Son corps était douloureux, mais la douleur du fouet lui semblait insupportablement douloureuse. Son corps tremblait et la fièvre avait fait monter sa température, mais la fille qui avait vécu dans la crainte ne s'en rendait pas compte.
Les cris à travers le couloir et les gémissements faisaient vaciller ses jambes comme si elles l'empêchaient de marcher. Les yeux bleus d'Elise regardaient en bas son collier. Elle ne pouvait rien faire maintenant, bien que son petit esprit avait formé des façons d'échapper au sorcier qui l'utiliserait comme sacrifice, avec les colliers attachés sur elle, elle mourrait avant de pouvoir s'échapper.

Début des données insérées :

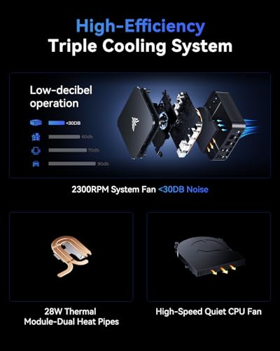 Triple pantalla 4K @60 Hz: la mini PC KAMRUI Essenx E3 Ryzen 5 3500U está alimentada por gráficos de frecuencia dinámica de hasta 1200 MHz, pantalla de alta definición 4K @60Hz, puedes obtener una claridad de imagen ultra alta y efectos visuales inmersivos. 1 puerto HDMI 2.1, 1 puerto DP 1.4 y 1 puerto tipo C, compatible con 3 monitores, por lo que puede administrar fácilmente múltiples tareas, trabajar y ayudarlo a concentrarse e inspirar mientras crea. La mini computadora cuenta con un ventilador de refrigeración integrado silencioso y potente, eliminando la necesidad de preocuparse por el ruido y la calefacción durante la multitarea.
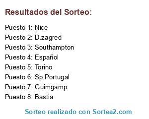 Lista de participantes: Guimgamp, Southampton, Bastia, D.zagred, Sp.Portugal, Torino, Nice, Español.
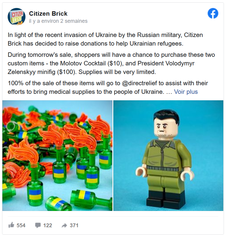Pour 10 $, les acheteurs les plus rapides pouvaient faire l'acquisition de la petite figurine cocktail Molotov, marquée du drapeau ukrainien. Quant à la figurine de Volodymyr Zelensky elle était disponible pour la modique somme de 100 $. L'intégralité des recettes sont reversées directement à Direct Relief, une organisation humanitaire actuellement active en Ukraine, mais également dans une cinquantaine d'autres pays. Ce week-end, les figurines étaient déjà en rupture de stock, et LEGO a pu récolter plus de 16 000 $ uniquement grâce aux ventes.

Après l'incident qui l'avait conduite avec un dos blessé vers Ian, elle avait encore plus peur d'entrer dans la voiture et se tenait debout en serrant l'ourlet de sa robe en lambeaux. Son esprit ne pouvait que penser que le beau carrosse devant ses yeux deviendrait bientôt sa dernière promenade de sa courte vie. Mais lorsqu'elle a su combien cette personne semblait aimable, elle a baissé un peu sa garde et est obéissamment trotinée vers le carrosse.